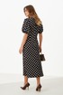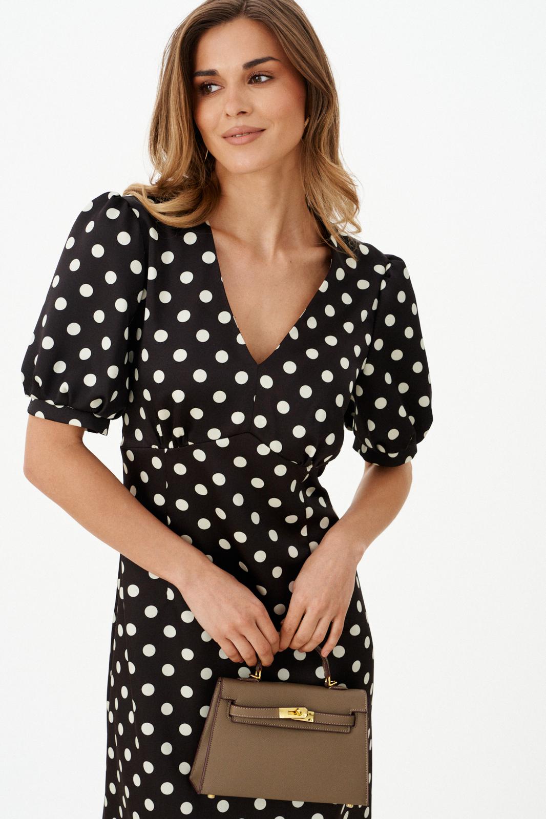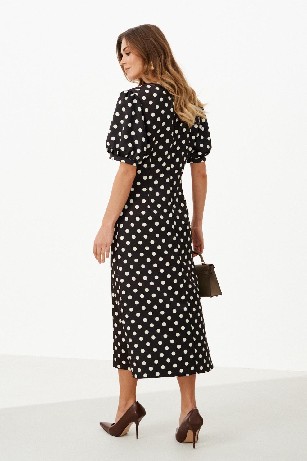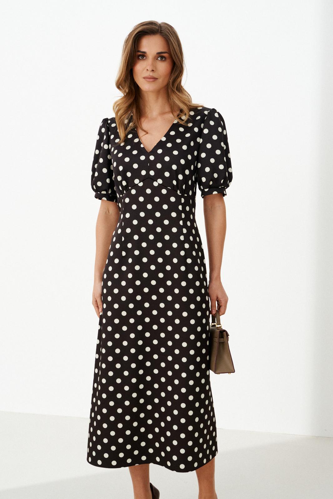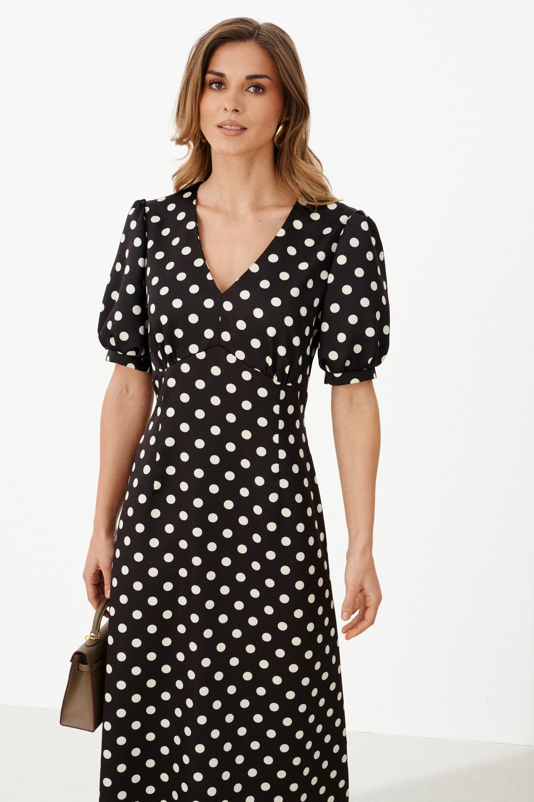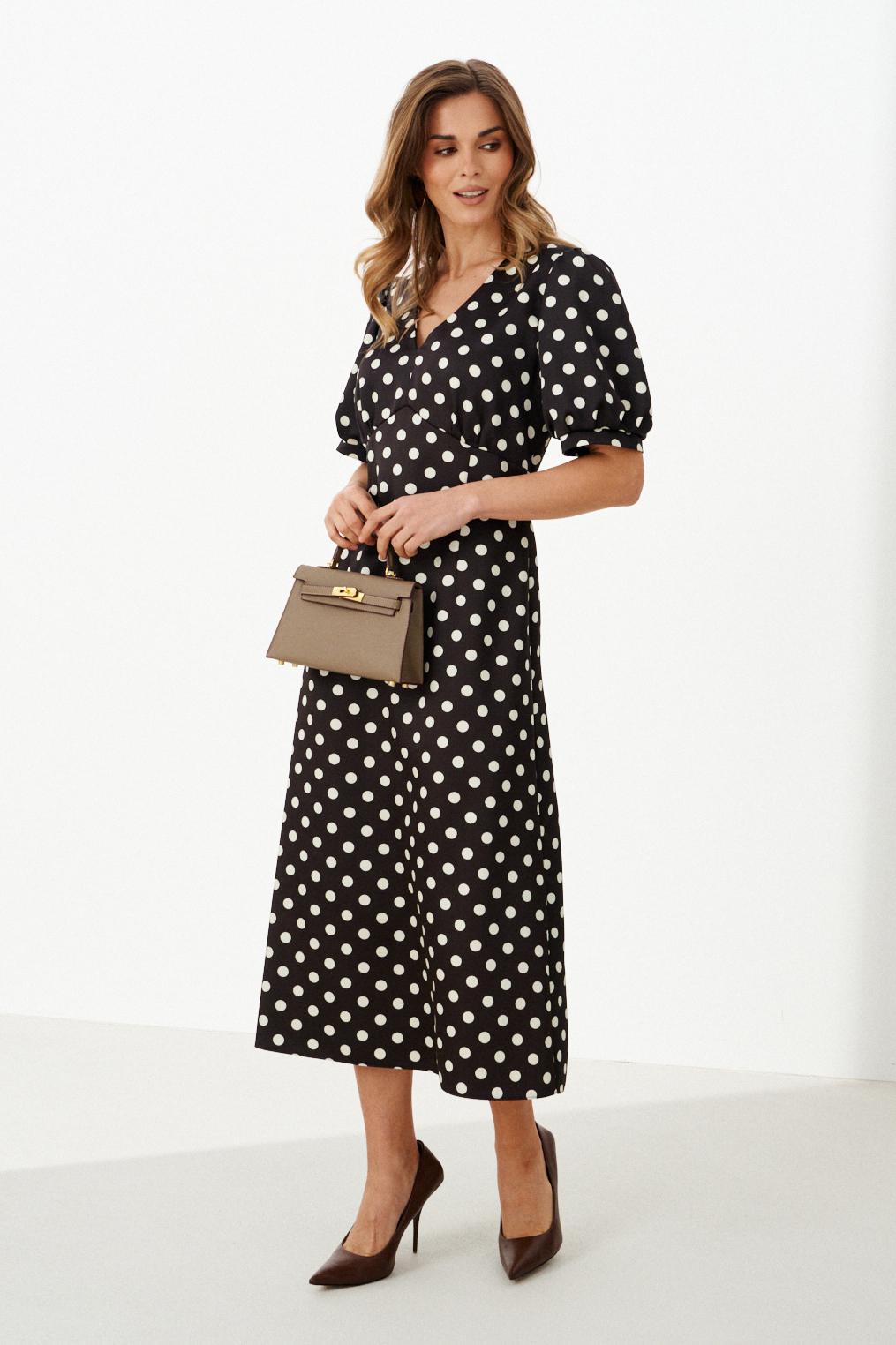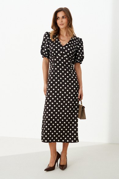 Женское платье из атласной ткани коричневого оттенка в горошек отличается элегантным и женственным кроем. Спереди платье имеет фигурный подрез под грудью с небольшой сборкой, что добавляет мягкости и легкости силуэту. Переднее полотнище юбки украшено двумя талиевыми вытачками и слегка расширяется книзу, придавая образу изящество и плавность. Спинка платья выполнена с средним швом и двумя талиевыми вытачками, обеспечивающими идеальную посадку по фигуре. В боковом шве для упрощения надевания присутствует потайная застежка-молния. Горловина оформлена в виде изящного V-образного выреза, который визуально удлиняет шею и подчеркивает зону декольте. Рукава втачные, длиной на уровне локтя, с нижним срезом, обработанным притачной манжетой со сборкой, что придаёт рукавам интересную фактуру и объем. Дополнительная деталь — сборка по окату рукава. Длина платья макси создаёт утончённый и изысканный образ, который идеально подойдет как для повседневной носки, так и для торжественных случаев.
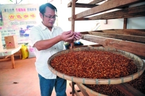 “通常,咖啡所含咖啡因过高,会让人产生心悸、焦虑等不适症状。但是‘古色咖啡’却不会。”林文定说。原来,经省质监局检测,“古色咖啡”所含咖啡因仅为0.8%,属于世界级标准。而一般咖啡所含咖啡因为3%—4%。
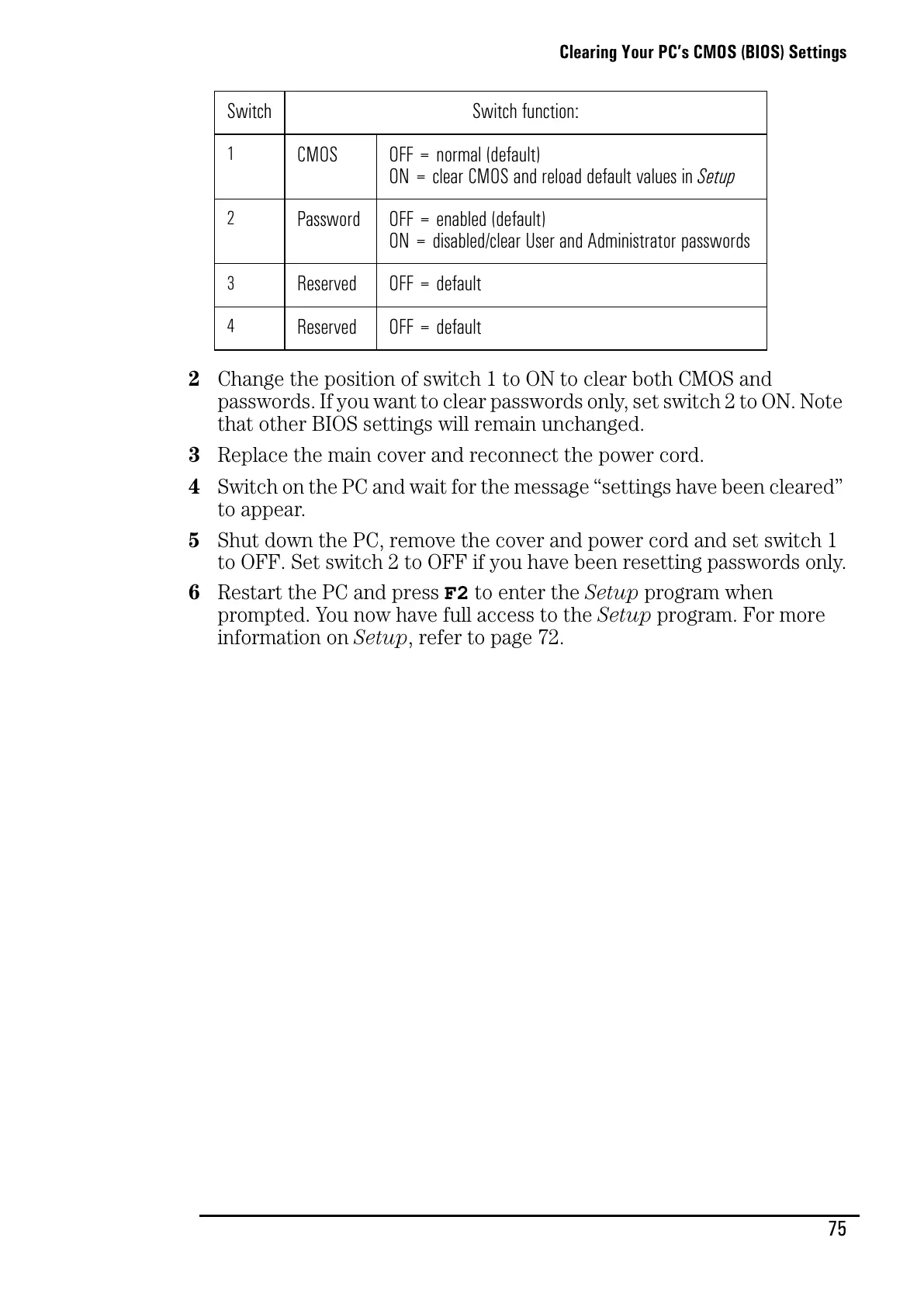 passwords. If you want to clear passwords only, set switch 2 to ON. Note
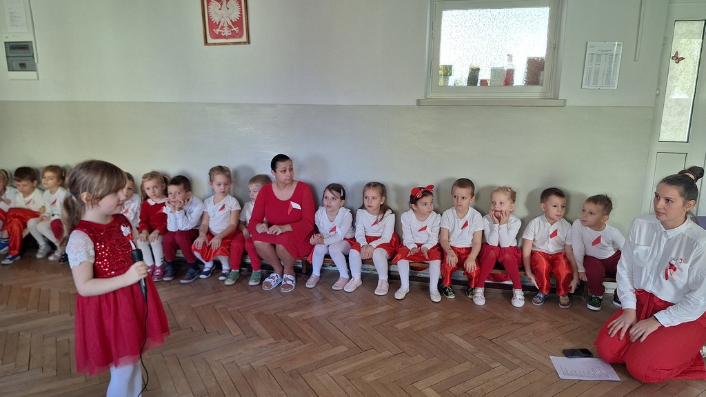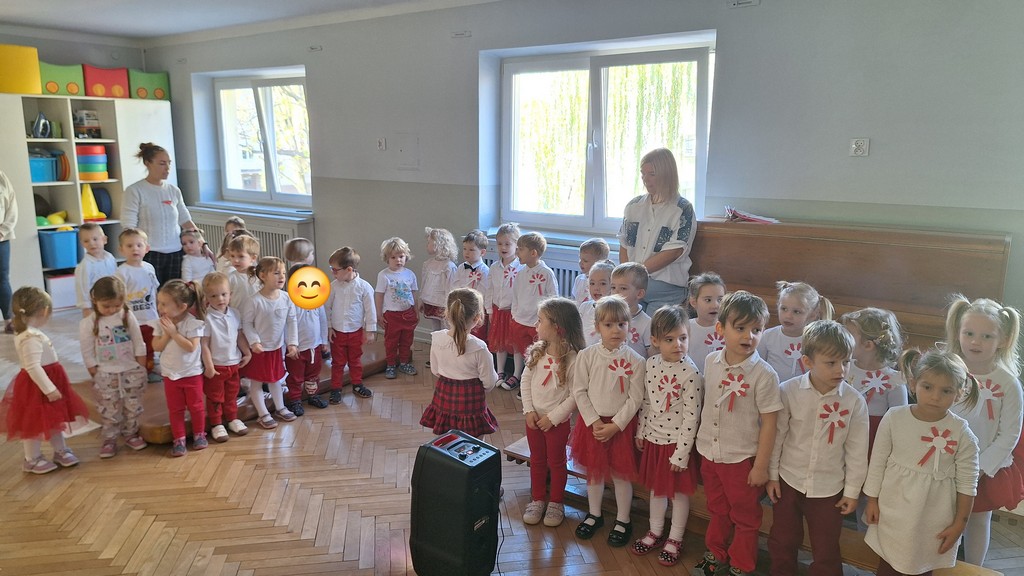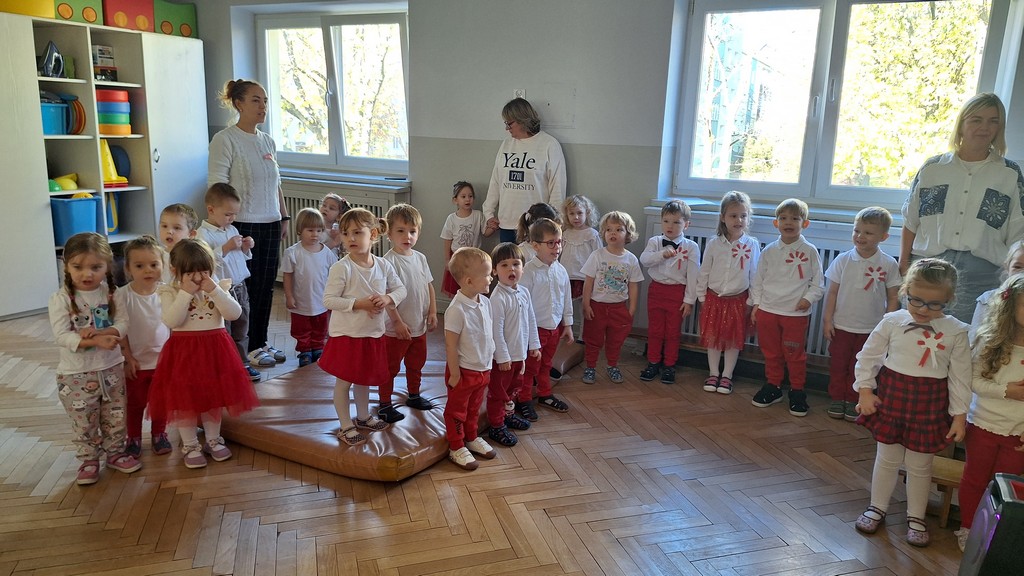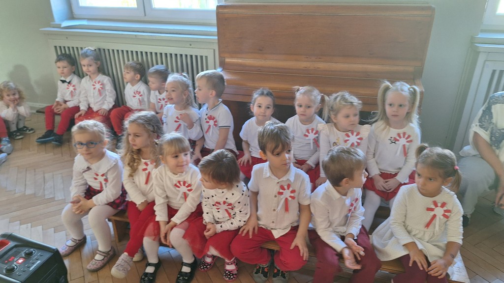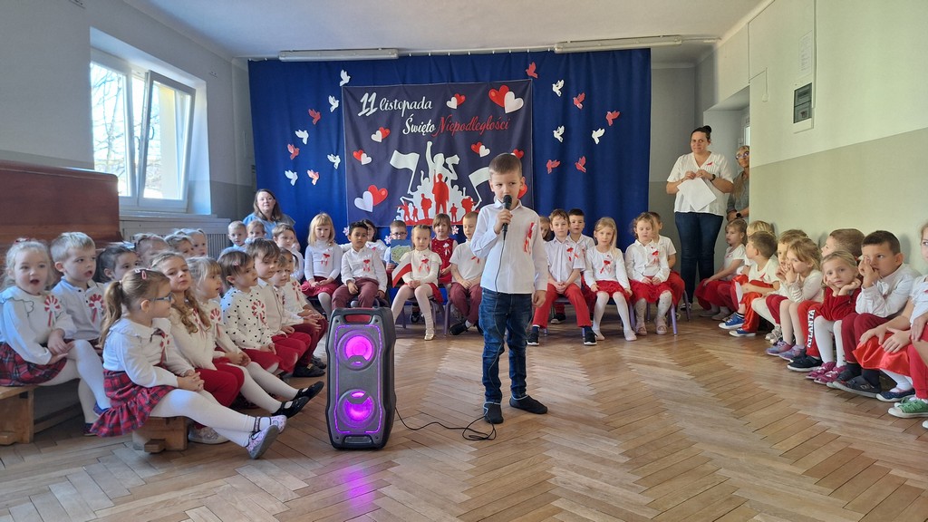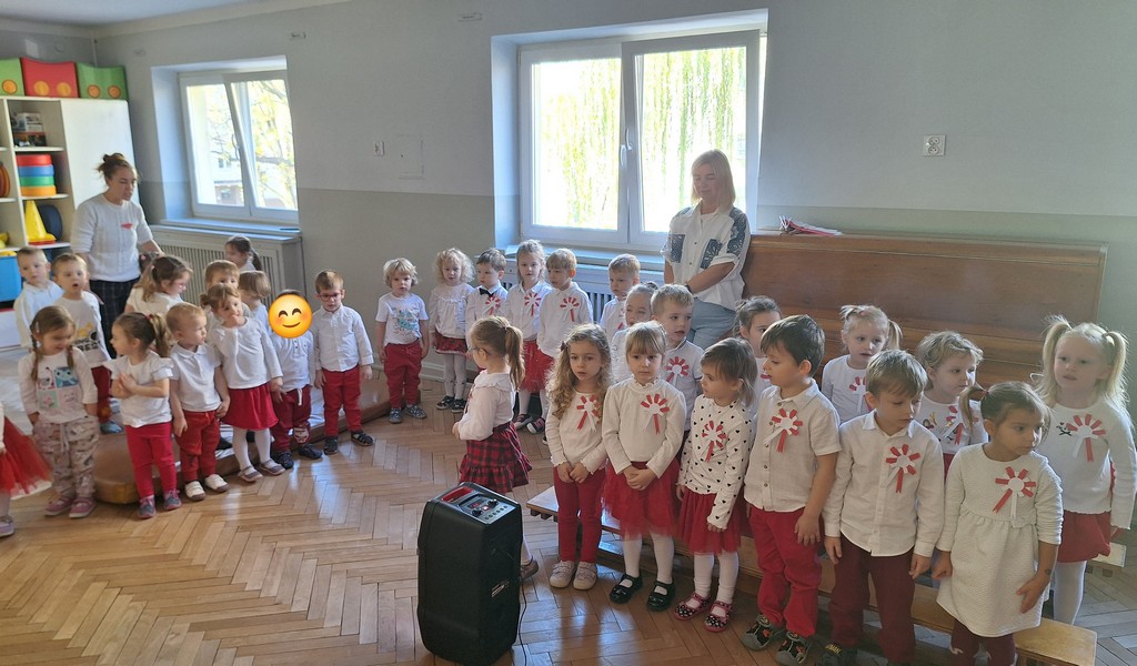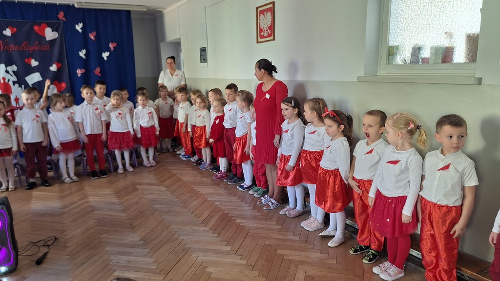 Wszystkich zebranych powitała pani Aleksandra zapraszając na program artystyczny w wykonaniu przedszkolaków. Dzieci w wierszach i piosenkach przytoczyły zarys historyczny odzyskania przez Polskę Niepodległości oraz oddały hołd Ojczyźnie . Ponadto nasze przedszkole wzięło udział w akcji organizowanej przez MEN ,,Szkoła do hymnu” podczas której o godzinie 11:11 wszyscy zgromadzeni odśpiewali Hymn Narodowy. Uroczystość ta z pewnością zapadnie wszystkim głęboko w pamięci. Dzień, który przeżyliśmy dumnie i z uśmiechem na twarzy, przyczyni się do kształtowania patriotycznych postaw naszych małych Polek i Polaków.

What you need to do >> Output all of the data exactly as it stands, minus any images.

Solution to the problem >>
 Женское платье из атласной ткани коричневого оттенка в горошек отличается элегантным и женственным кроем. Спереди платье имеет фигурный подрез под грудью с небольшой сборкой, что добавляет мягкости и легкости силуэту. Переднее полотнище юбки украшено двумя талиевыми вытачками и слегка расширяется книзу, придавая образу изящество и плавность. Спинка платья выполнена с средним швом и двумя талиевыми вытачками, обеспечивающими идеальную посадку по фигуре. В боковом шве для упрощения надевания присутствует потайная застежка-молния. Горловина оформлена в виде изящного V-образного выреза, который визуально удлиняет шею и подчеркивает зону декольте. Рукава втачные, длиной на уровне локтя, с нижним срезом, обработанным притачной манжетой со сборкой, что придаёт рукавам интересную фактуру и объем. Дополнительная деталь — сборка по окату рукава. Длина платья макси создаёт утончённый и изысканный образ, который идеально подойдет как для повседневной носки, так и для торжественных случаев.
 “通常,咖啡所含咖啡因过高,会让人产生心悸、焦虑等不适症状。但是‘古色咖啡’却不会。”林文定说。原来,经省质监局检测,“古色咖啡”所含咖啡因仅为0.8%,属于世界级标准。而一般咖啡所含咖啡因为3%—4%。
 passwords. If you want to clear passwords only, set switch 2 to ON. Note
 Wszystkich zebranych powitała pani Aleksandra zapraszając na program artystyczny w wykonaniu przedszkolaków. Dzieci w wierszach i piosenkach przytoczyły zarys historyczny odzyskania przez Polskę Niepodległości oraz oddały hołd Ojczyźnie . Ponadto nasze przedszkole wzięło udział w akcji organizowanej przez MEN ,,Szkoła do hymnu” podczas której o godzinie 11:11 wszyscy zgromadzeni odśpiewali Hymn Narodowy. Uroczystość ta z pewnością zapadnie wszystkim głęboko w pamięci. Dzień, który przeżyliśmy dumnie i z uśmiechem na twarzy, przyczyni się do kształtowania patriotycznych postaw naszych małych Polek i Polaków.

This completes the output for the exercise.